Yisrael Katz’s plan, currently in the initial stages, involves constructing two underground stations and excavating over three kilometres of tunnel beneath downtown Jerusalem and under the politically sensitive Old City. The project would extend Jerusalem’s soon-toopen high-speed rail line from Tel Aviv to the Western Wall, the holiest site where Jews can pray.
The route will run close to the Church of the Holy Sepulchre, where tradition holds that Jesus was crucified and buried, and a contested holy site known to Jews as the Temple Mount and to Muslims as the Noble Sanctuary. Previous excavations by Israel near the holy site — the spiritual epicentre of the Israeli-Palestinian conflict — have sparked violent Palestinian protests.
Because of those sensitivities, the proposal will likely meet with heavy resistance from the Palestinians, neighbouring Arab countries and the international community.
Katz, a senior cabinet official who also serves as Israel’s intelligence minister, is a close ally of Prime Minister Benjamin Netanyahu and is seen by many as his likely successor as head of the Likud Party.
Transportation Ministry spokesman Avner Ovadia said the project is estimated to cost more than US$700 million and, if approved, would take four years to complete.
Katz said a high-speed rail station would allow visitors to reach “the beating heart of the Jewish people — the Western Wall and the Temple Mount.” He proposed naming the station after Trump “for his brave and historic decision to recognize Jerusalem as Israel’s capital” earlier this month.
Trump’s announcement has enraged the Palestinians and much of the Muslim world. The UN General Assembly last week condemned the move. Israel captured East Jerusalem in 1967. The Palestinians claim East Jerusalem as the capital of their future state.

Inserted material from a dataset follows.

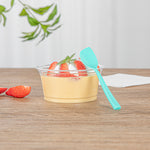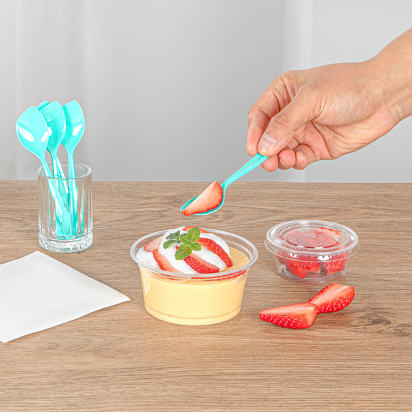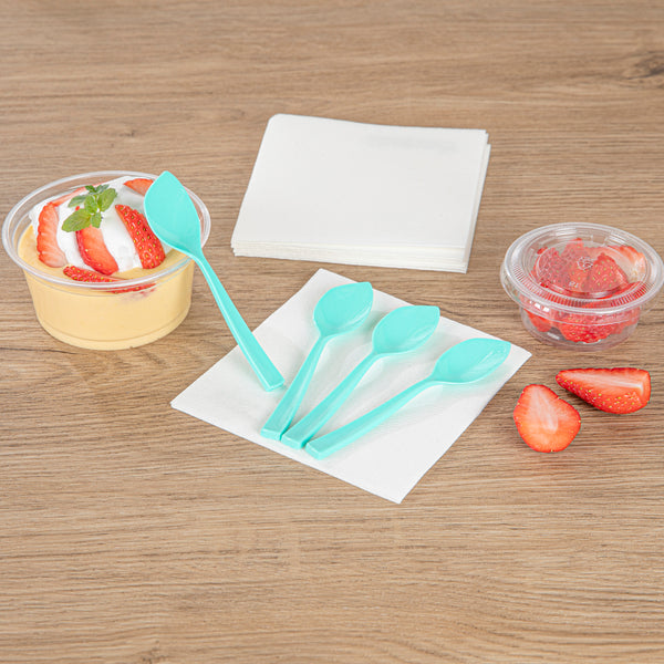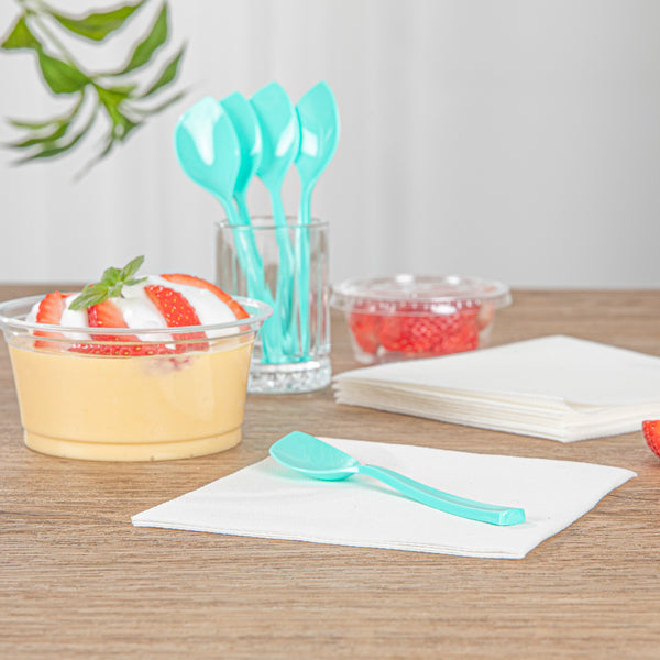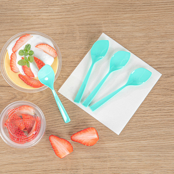Make a statement at your party table settings with our Coppetta Teal Plastic Petal Spoons. The sturdy plastic construction of these frozen yogurt spoons won't wimp out under the weight of heavy bites. Incorporated with an angled shovel-like shape, these dessert spoons are absolutely perfect for scooping up big bites of chocolate ice cream and heaping spoonfuls of tangy frozen yogurt. These plastic spoons have a sleek pointed tip that makes it easy to dive into towering mounds of sorbet. Fashioned with brightly colored teal, these disposable spoons are an ideal choice for use at ice cream parlors, fro-yo shops, and catered events. For an easy cleanup, these petal spoons are disposable. Each cake spoon measures 4.5 inches in length by 1 inch in width, making them ideal for serving alongside all types of frozen treats and delectable desserts. Shipped in a 500 count box.

Ikrema Sabri, a senior Muslim cleric in Jerusalem, denounced the planned train line extension, saying that Palestinians won’t accept “any change or act in the occupied territories.” He said that “giving the name of Trump to this project will not give it any legitimacy. It would be just another implementation of the unacceptable decision of President Trump to recognize Jerusalem as the capital of Israel.”